Independent Sen. Bernie Sanders said that international approval of the U.S. has “plummeted” under President Donald Trump.
Surveys that measure global attitudes toward the U.S. report that most countries showed a decline in approval of the U.S. and its leadership in 2017, though some countries showed an uptick.
Sanders expressed his disappointment with the global image of the U.S. on “Anderson Cooper 360” Monday. “It saddens me very much to see all over the world, they do a poll, they do international polls and they ask people all over the world, what do you think of the United States of America? We used to be very, very high up,” Sanders said.

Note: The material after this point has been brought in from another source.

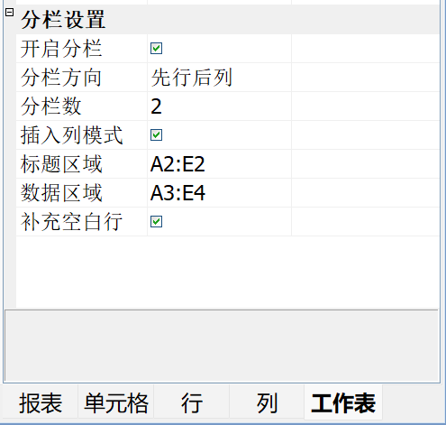 1)开启分栏:必须勾选,表明这是一张分栏报表了;

He blamed Trump for the decline. “And now, that international feeling, that approval has plummeted under Trump because people see a regime, an administration right here in the United States that is not standing up what has historically been what the United States is supposed to be about, that is support for democracy, support for human rights, support for the oppressed all over the world,” Sanders said.
Polls from the Pew Research Center and Gallup show a decline in international approval of the U.S. or its leadership in most countries in 2017, the first year of Trump’s presidency. In some countries, the drop was drastic.

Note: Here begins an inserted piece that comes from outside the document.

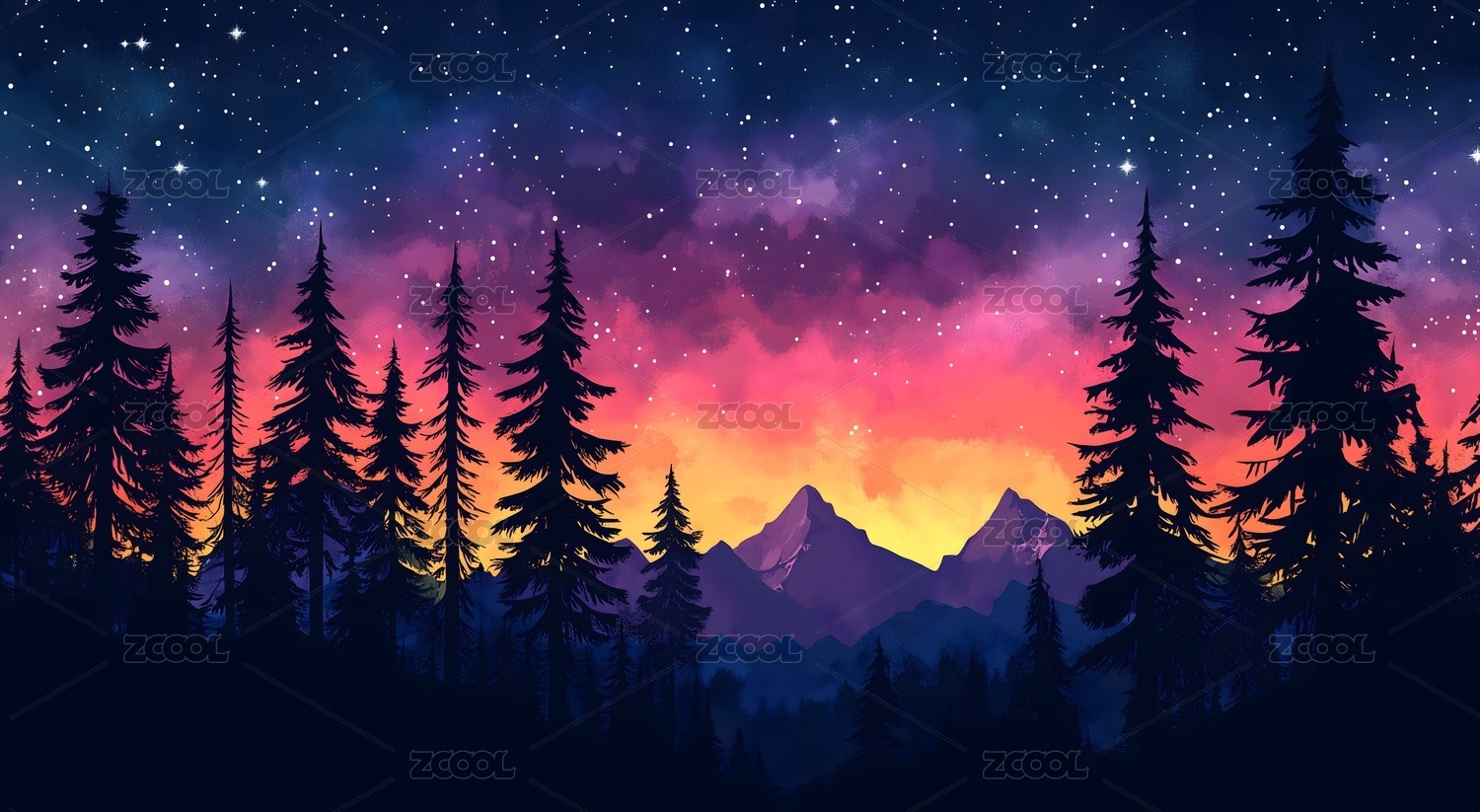 山脉,森林,星空,月亮,紫色,水彩,梦幻,夜晚,风景,唯美

Pew measures country-by-country favorability of the U.S. in general. Its global indicators database does not have U.S. favorability data for all the 64 countries it lists, but of those that have data for either 2016 and 2017 or 2015 and 2017, favorability ratings have dropped in most countries.

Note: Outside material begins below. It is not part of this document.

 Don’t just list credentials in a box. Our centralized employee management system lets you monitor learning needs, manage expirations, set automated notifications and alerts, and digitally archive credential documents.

Of the 17 countries for which Pew has data for both 2016 and 2017, 14 showed a decline in U.S. favorability. Greece, Hungary and Nigeria viewed the U.S. more favorably. On average, favorability ratings in the 17 countries fell from 62 percent in 2016 to 50 percent in 2017.
Pew has U.S. favorability data for more countries – 31 – for both 2015 and 2017. Comparing those figures shows a similar trend. Only three countries (Jordan, Russia and Vietnam) had a more favorable view of the U.S. in 2017 than in 2015, and Israel remained unchanged at 81 percent. The average favorability rating fell from 65 percent to 51 percent.
Gallup polls also show record low approval and record high disapproval of U.S. leadership across 134 countries. Median approval fell 18 points from 48 percent in 2016 to 30 percent in 2017, and median disapproval rose 15 points from 28 percent to 43 percent.
U.S. leadership approval ratings dropped substantially among key allies in Europe: 28 points in France, 26 points in the U.K. and 21 points in Germany. Portugal showed the sharpest drop at 51 points. Gallup noted, however, that “none of the current lower approval ratings in Europe is a new record low – many ratings were similar if not worse during the last two Bush years.”
Approval of U.S. leadership rose in 29 countries from 2016 to 2017, and by double digits in four of those: Belarus, Israel, Macedonia and Liberia.
Gallup started measuring international attitudes toward U.S. leadership annually in 2007. Median approval of U.S. leadership was 38 percent in 2007 and 34 percent in 2008, at the end of President George W. Bush’s last term, and remained in the 40s during President Barack Obama’s tenure. It peaked at 49 percent in 2009.